It is worth mentioning that nonzero lower bounds of observation windows have traditionally been paid less attention in recurrent events data analyses as compared to upper bounds. However, they are commonly encountered in observational studies. In CFFPR, a large proportion of subjects did not enter the registry right after birth due to delayed CF diagnosis or other reasons, resulting in many nonzero L_i's. As implied by our numerical studies, naively treating them as zeros can considerably bias the inference regarding PA infection recurrence times.

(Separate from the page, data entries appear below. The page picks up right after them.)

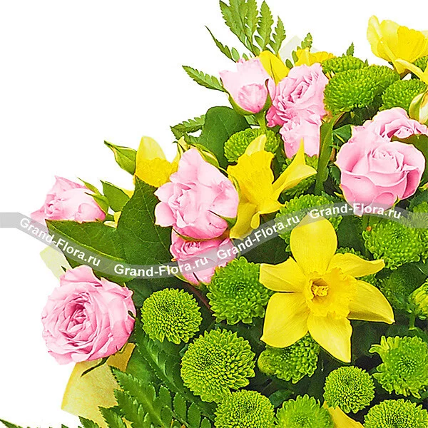 ЛЮКС: роза кустовая розовая - 4 шт, хризантема кустовая зеленая (сантини) - 3 шт, нарциссы - 5 шт, декоративная зелень, фетр желтый.
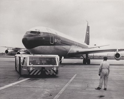 A Hunslet ATT 77-es reptéri vontató a BOAC egyik Boeing 707-ese előtt
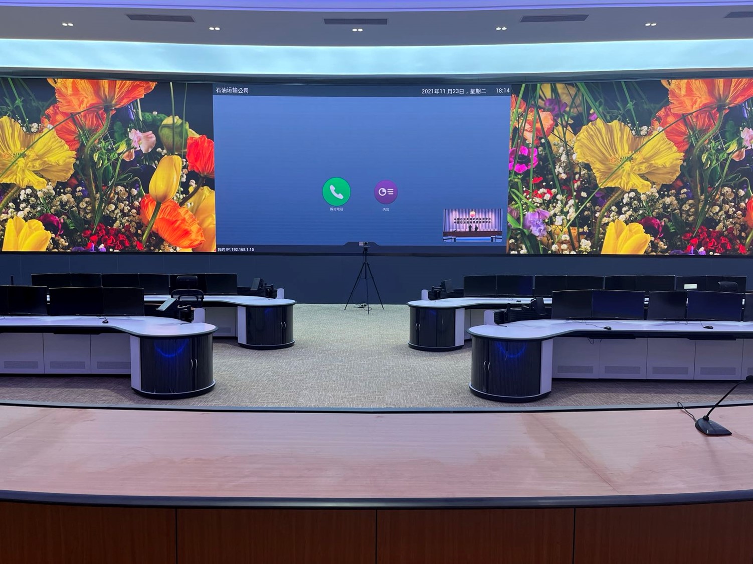 中國(guó)石油運(yùn)輸公司調(diào)度中心項(xiàng)目位于北京順義和新疆烏魯木齊兩地,兩地調(diào)度中心各建1套1.56mm的LED監(jiān)控大屏,并重點(diǎn)對(duì)兩地視頻會(huì)議功能進(jìn)行升級(jí),由原來模擬視頻會(huì)議終端升級(jí)為高清終端,實(shí)現(xiàn)雙路高清攝像機(jī)信號(hào)的實(shí)時(shí)切換及雙流顯示。保證兩地調(diào)度中心會(huì)場(chǎng)互聯(lián)互通,實(shí)現(xiàn)視頻交流,通過集團(tuán)M
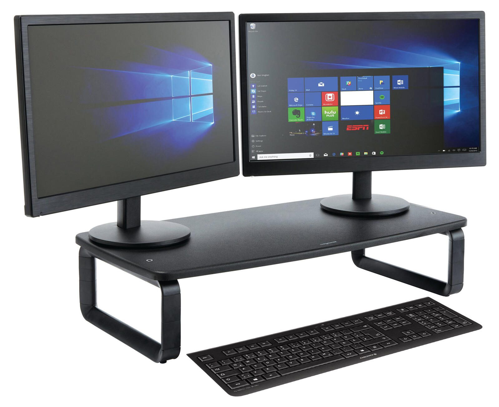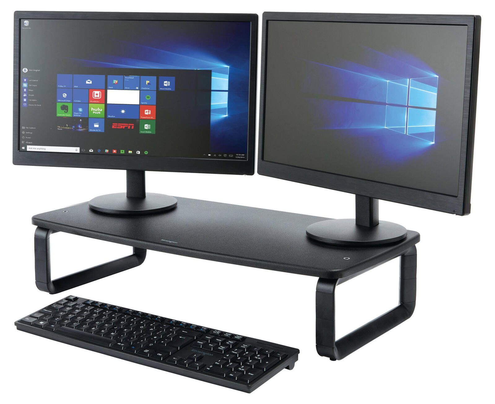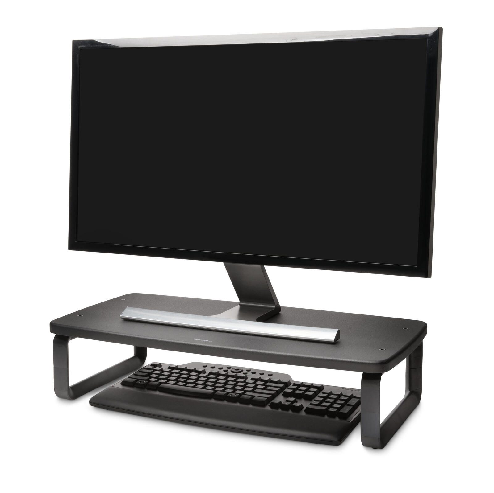 Der Kensington Monitorständer SmartFit in elegantem Schwarz ist die ideale Lösung für eine ergonomische Arbeitsplatzgestaltung. Hergestellt aus robustem Kunststoff und Holz, vereint dieser Ständer Funktionalität und ansprechendes Design. Mit einer Tragkraft von bis zu 18 kg eignet sich der Monitorständer für Bildschirme mit einer Größe von bis zu 68,6 cm (27 Zoll). Dies macht ihn zu einer vielseitigen Wahl für sowohl Büro- als auch Heimarbeitsplätze. Die Abmessungen von 61,0 x 30,0 x 5,9/9,7/13,5 cm ermöglichen eine flexible Anpassung an Ihre individuellen Bedürfnisse. Dank der verschiedenen Höhenoptionen können Sie die optimale Position für Ihren Monitor einstellen, was zu einer besseren Körperhaltung und weniger Nacken- und Rückenschmerzen führt. Der Kensington Monitorständer ist nicht nur funktional, sondern trägt auch zur Aufgeräumtheit Ihres Arbeitsplatzes bei, indem er Platz für andere wichtige Utensilien schafft. Die Montage des Ständers ist unkompliziert und erfordert nur wenige Schritte, sodass Sie schnell von den Vorteilen profitieren können. Mit einem Gewicht von 1,78 kg ist der Ständer leicht zu transportieren und kann problemlos an verschiedenen Orten eingesetzt werden. Die Kombination aus modernem Design und praktischen Eigenschaften macht den Kensington Monitorständer SmartFit zu einer ausgezeichneten Wahl für alle, die Wert auf Ergonomie und Stil legen. Nutzen Sie die Vorteile eines aufgeräumten und gut organisierten Arbeitsplatzes, um Ihre Produktivität zu steigern.Technische Daten

The proposed counting process model (5) offers a natural way to model recurrent events subject to window observation. With N(·) and Y (·) specified as N^re(·) and Y ^re(·) respectively, model (5) gives rise to a new recurrent events model,

$$E\{N^{re}\left(e^{{\mathit{X}}^{\mathsf{T}}{\beta }_0\left(u\right)}\right)\mid \mathit{Z}\}=E\{{\int }_0^u{Y}^{re}\left(e^{{\mathit{X}}^{\mathsf{T}}{\beta }_0\left(s\right)}\right)g\left(s\right)ds\mid \mathit{Z}\},u\in (0,U].$$ (6)

Assume (L, R) is independent of Ñ(·) given Z. Proposition A2 of the Supplementary Materials shows that (6) is equivalent to

$${\mu }_{\mathit{Z}}\left(e^{{\mathit{X}}^{\mathsf{T}}{\beta }_0\left(u\right)}\right)=G\left(u\right)\equiv {\int }_0^{u}g\left(s\right)ds,u\in (0,U],$$

where μ_Z(t) is the so-called mean function of recurrent events, defined as μ_Z(t) = E{Ñ(t)|Z with $\tilde{N}\left(t\right)={\sum }_{j=1}^{\infty }I(T^{\left(j\right)}\le t)$. The mean function (or expected frequency) of recurrent events reflects the cumulative rate of counting process N^re(t), in contrast to the intensity function, which characterizes the instantaneous rate of events conditional on past history (Lin et al. 2000).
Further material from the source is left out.